THE TASK →
Could you retype the lines below, starting at the line holding "중등 ★ 명성학원 2026년" and stopping at the line holding "la succession. |", inclusive? Copy them exactly and drop the images.

PROVIDED RECORDS →

-.-.-

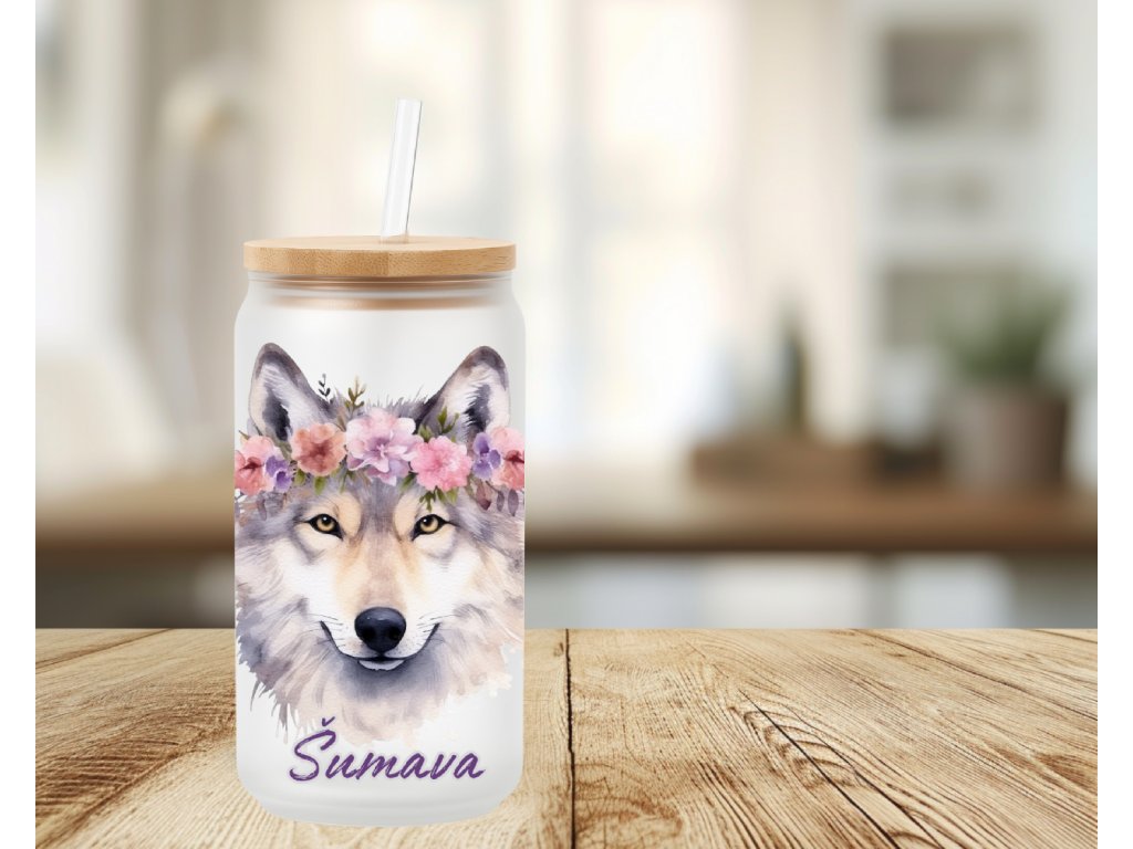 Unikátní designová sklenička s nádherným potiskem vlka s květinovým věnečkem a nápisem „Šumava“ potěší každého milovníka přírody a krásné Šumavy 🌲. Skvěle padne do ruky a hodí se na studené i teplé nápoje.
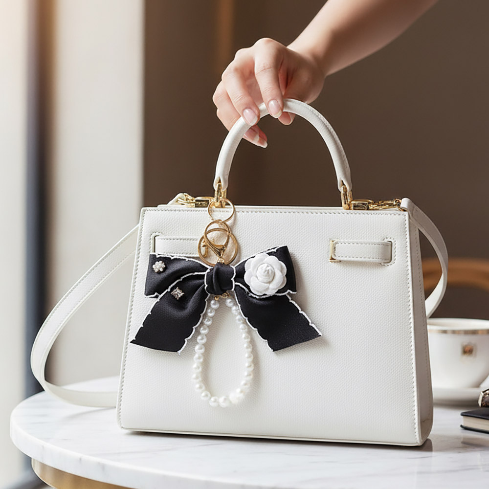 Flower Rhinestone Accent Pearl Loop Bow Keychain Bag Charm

-.-.-

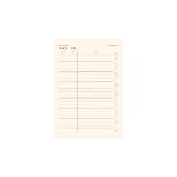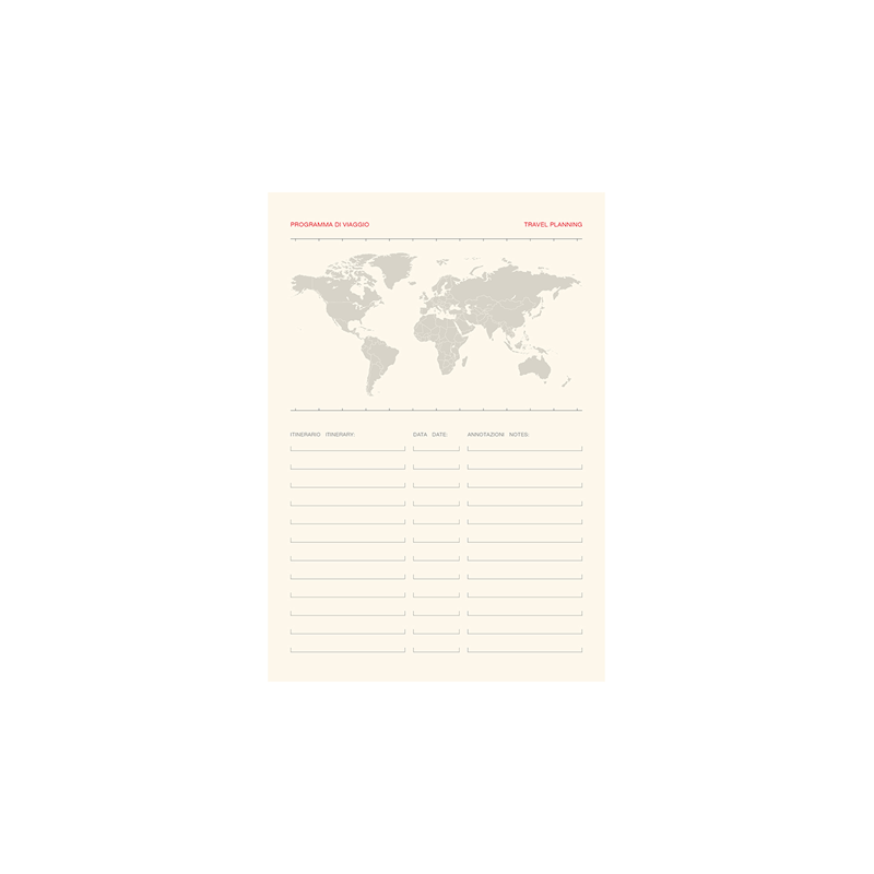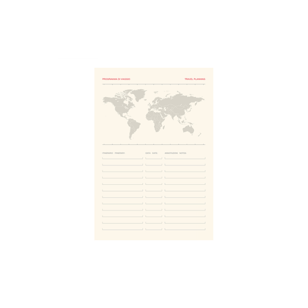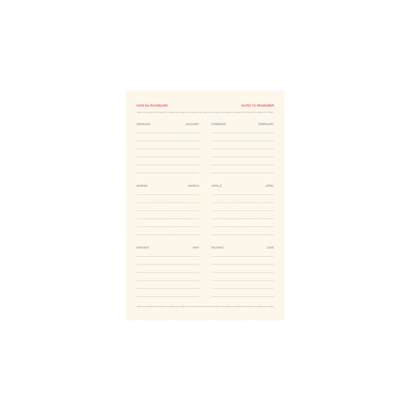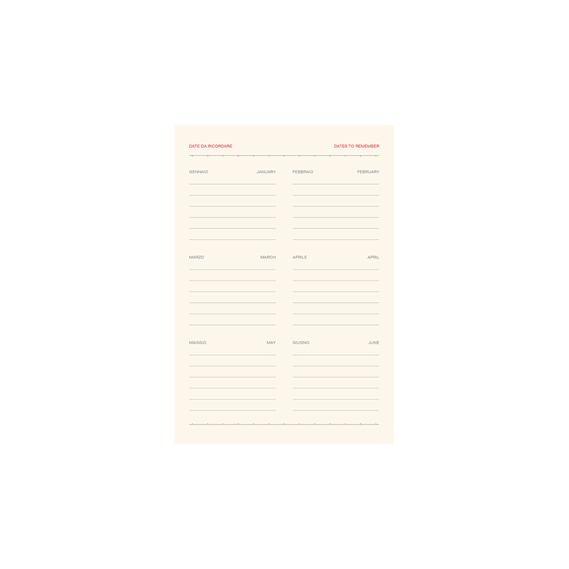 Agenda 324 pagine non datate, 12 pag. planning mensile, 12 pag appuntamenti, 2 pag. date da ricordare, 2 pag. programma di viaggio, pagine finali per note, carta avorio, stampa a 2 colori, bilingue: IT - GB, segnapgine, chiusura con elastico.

-.-.-

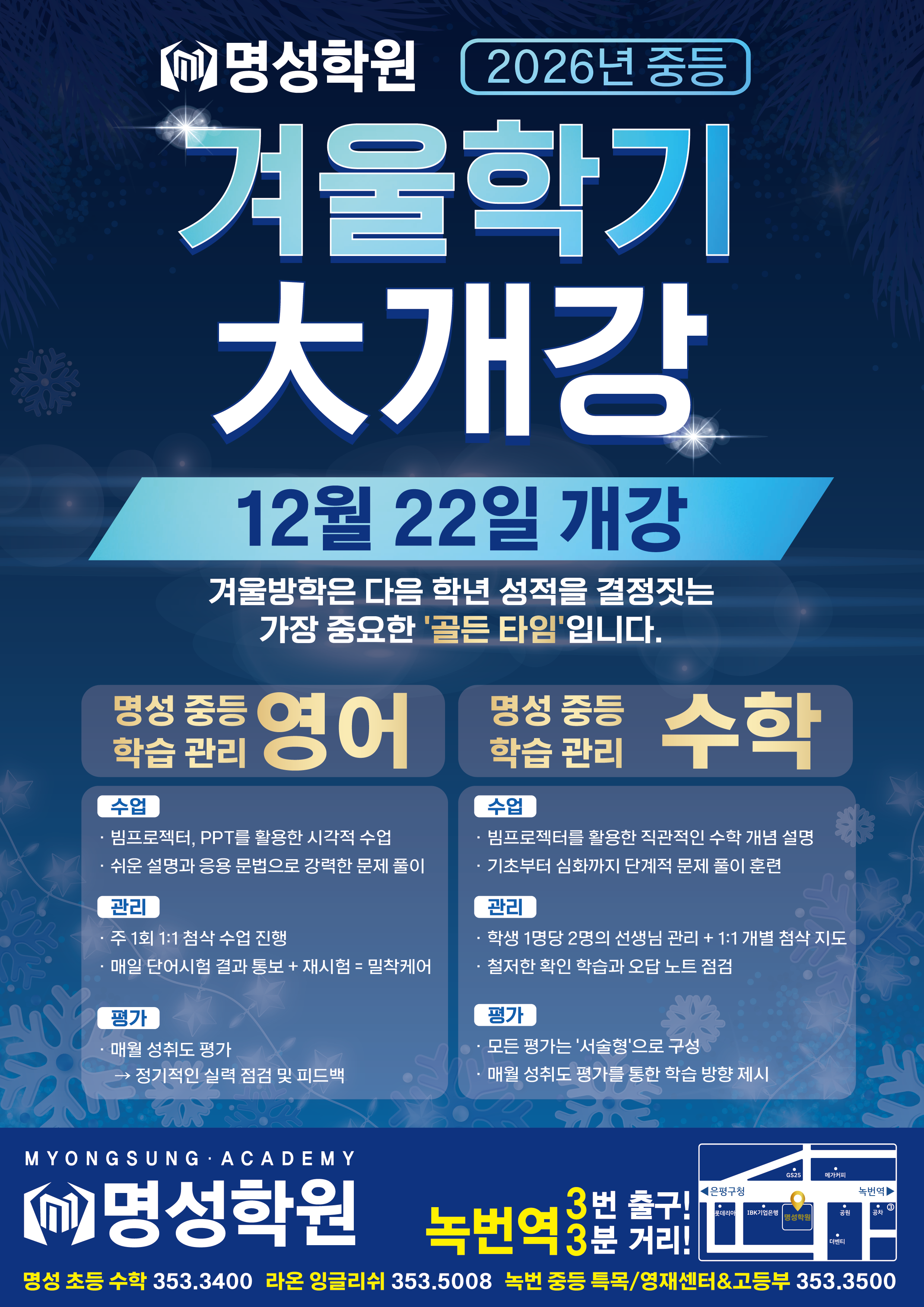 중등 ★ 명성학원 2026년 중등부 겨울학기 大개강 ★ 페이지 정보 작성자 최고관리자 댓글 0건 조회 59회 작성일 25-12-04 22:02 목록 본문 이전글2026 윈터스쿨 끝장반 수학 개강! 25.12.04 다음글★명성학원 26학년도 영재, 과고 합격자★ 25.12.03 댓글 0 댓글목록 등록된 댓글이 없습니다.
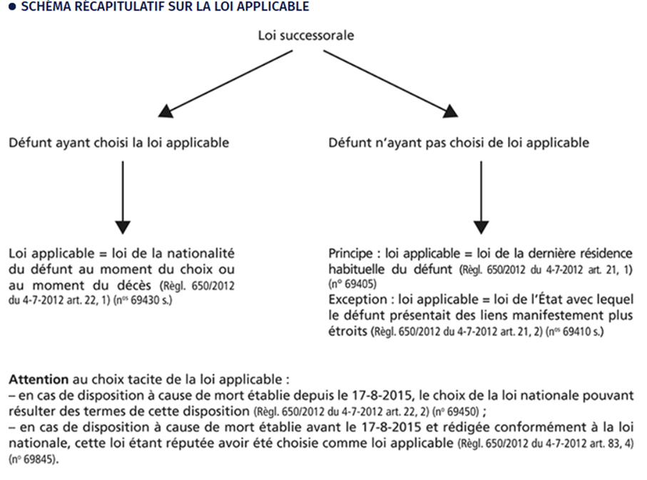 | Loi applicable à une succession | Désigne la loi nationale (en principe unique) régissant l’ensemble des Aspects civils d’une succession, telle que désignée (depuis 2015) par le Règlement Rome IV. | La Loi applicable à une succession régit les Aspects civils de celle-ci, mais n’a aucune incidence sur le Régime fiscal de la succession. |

-.-.-

WORKED SOLUTION →
 중등 ★ 명성학원 2026년 중등부 겨울학기 大개강 ★ 페이지 정보 작성자 최고관리자 댓글 0건 조회 59회 작성일 25-12-04 22:02 목록 본문 이전글2026 윈터스쿨 끝장반 수학 개강! 25.12.04 다음글★명성학원 26학년도 영재, 과고 합격자★ 25.12.03 댓글 0 댓글목록 등록된 댓글이 없습니다.
 | Loi applicable à une succession | Désigne la loi nationale (en principe unique) régissant l’ensemble des Aspects civils d’une succession, telle que désignée (depuis 2015) par le Règlement Rome IV. | La Loi applicable à une succession régit les Aspects civils de celle-ci, mais n’a aucune incidence sur le Régime fiscal de la succession. |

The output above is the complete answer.